With Macroni you can ensure that signal handlers execute only code that is safe at the signal level. Consider, for example, next signal handlerdefined in the Linux kernel:

static void sig_handler(int signo) {
       do_detach(if_idx, if_name);
       perf_buffer__free(pb);
       exit(0);
}

Example 17: Signal handler defined in the Linux kernel

sig_handler() calls three other functions directly in its own definition, all of which must be safe in the context of signal processing. But there is no check in the above code to ensure that we are only calling signal-safe functions inside the definition sig_handler(). C compilers simply do not provide a way to express semantic checks that apply to lexical domains.

With Macroni, you can add macros that mark some functions as signal handlers and others as signal-safe. You can then implement logic at the MLIR level to ensure that signal handlers only call signal-safe functions, like this:

#define SIG_HANDLER(name) name
#define SIG_SAFE(name) name


int SIG_SAFE(do_detach)(int, const char*);
void SIG_SAFE(perf_buffer__free)(struct perf_buffer*);
void SIG_SAFE(exit)(int);


static void SIG_HANDLER(sig_handler)(int signo) { ... }

Example 18: Token-based syntax for marking signal handlers and signal-safe functions

In the above code the function sig_handler() is marked as a signal handler, and the three functions it calls are marked as signal-safe.

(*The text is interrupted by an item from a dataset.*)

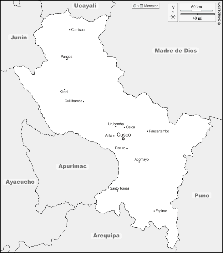 d-maps > 美洲 > 秘鲁 > 庫斯科 > 边界, 主要城市, 名称
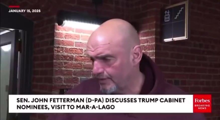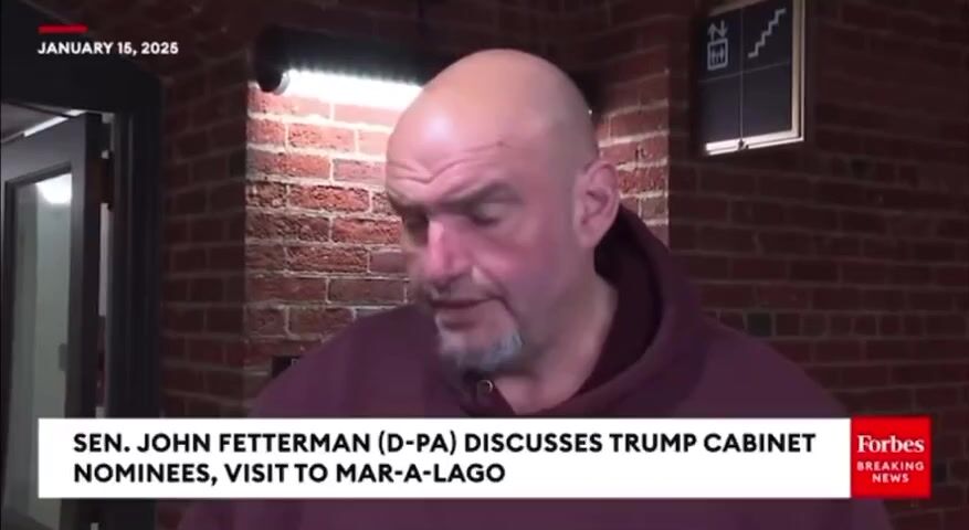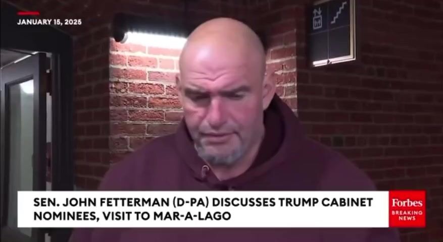 Democratic Senator John Fetterman says his meeting with Trump in Mar-A-Lago went very well. Reporter: “How was your meeting with Trump over the weekend?” Fetterman: “It was a positive experience. I was glad to do it... I appreciate the opportunity, and it was a good conversation.”

Each macro call is distributed over a single token, specifically the name of the function we want to tag. With this approach, Macroni connects to the extended token and determines by the function name whether it handles signals or is signal-safe.

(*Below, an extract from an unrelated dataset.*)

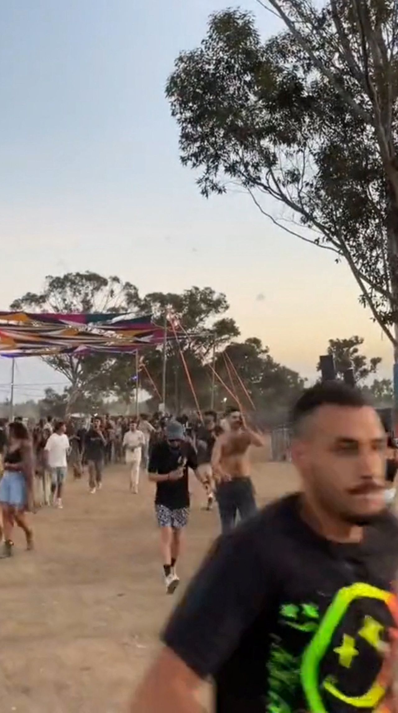 社交媒體視頻顯示,10月7日以色列雷姆基布茲附近,參加Nova部落音樂節的平民正在逃離哈馬斯武裝分子。圖片來源:路透社獲取的視頻/Reuters刊載於2023年10月13日印刷版,原標題《超越Instagram戰爭》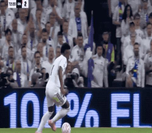 德比大战的精彩剧情还在上演,第72分钟,接到阿诺德的长传,维尼修斯横向盘带后,兜射死角,梅开二度。

An alternative approach is to define these macros for magic annotations and then connect to them via Macroni:

#define SIG_HANDLER __attribute__((annotate("macroni.signal_handler")))
#define SIG_SAFE __attribute__((annotate("macroni.signal_safe")))

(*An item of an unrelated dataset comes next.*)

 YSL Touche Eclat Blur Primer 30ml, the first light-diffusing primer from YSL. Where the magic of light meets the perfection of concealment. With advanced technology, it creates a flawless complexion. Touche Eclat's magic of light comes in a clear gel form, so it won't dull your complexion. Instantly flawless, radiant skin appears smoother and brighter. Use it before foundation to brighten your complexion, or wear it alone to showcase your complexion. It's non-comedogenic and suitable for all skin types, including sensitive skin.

int SIG_SAFE do_detach(int, const char*);
void SIG_SAFE perf_buffer__free(struct perf_buffer*);
void SIG_SAFE exit(int);


static void SIG_HANDLER sig_handler(int signo) { ... }

Example 19: Alternative attribute syntax to mark signal handlers and signal-safe functions

With this approach, calling a macro looks more like a type specifier, and some people will find this option nicer. The whole difference between token-based syntax and attribute-based syntax is that using the second option requires the compiler to support the attribute annotate(). If this is not a problem or if it can be used to limit __CHECKER__-like constructs, then either of the two syntax options will work fine. The MLIR server logic for checking signal safety will remain the same regardless of the syntax we choose.

❯ Conclusion

The Macroni tool downgrades C code and macros to a Multi-Level Intermediate Representation (MLIR), so you can avoid relying on Clang's bland abstract syntax tree for your analysis and instead build your analysis around a domain-specific intermediate representation. This intermediate view provides full access to the types, control flow, and data flow within the high-level MLIR dialect of VAST. Macroni will demote domain-relevant macros to MLIR and invalidate all other macros for you. This opens up the full power of static analysis that takes macros into account. You can set your own analysis options, transformations and optimizations. Macros are used at each stage of analysis. As shown in this article, it is even possible to combine macros and MLIR, thereby defining new syntax and semantics for C. The Macroni tool is free and distributed freely, here it is

repository on GitHub

❯ Acknowledgments

Thanks to Trail of Bits for the opportunity to create the Macroni tool. Thanks to my manager and mentor Peter Goodman for giving me the idea of downgrading macros to MLIR and for suggesting how Macroni could potentially be used. Thanks also to Lukas Korenik for reviewing the Macroni code and for his advice on how it could be improved.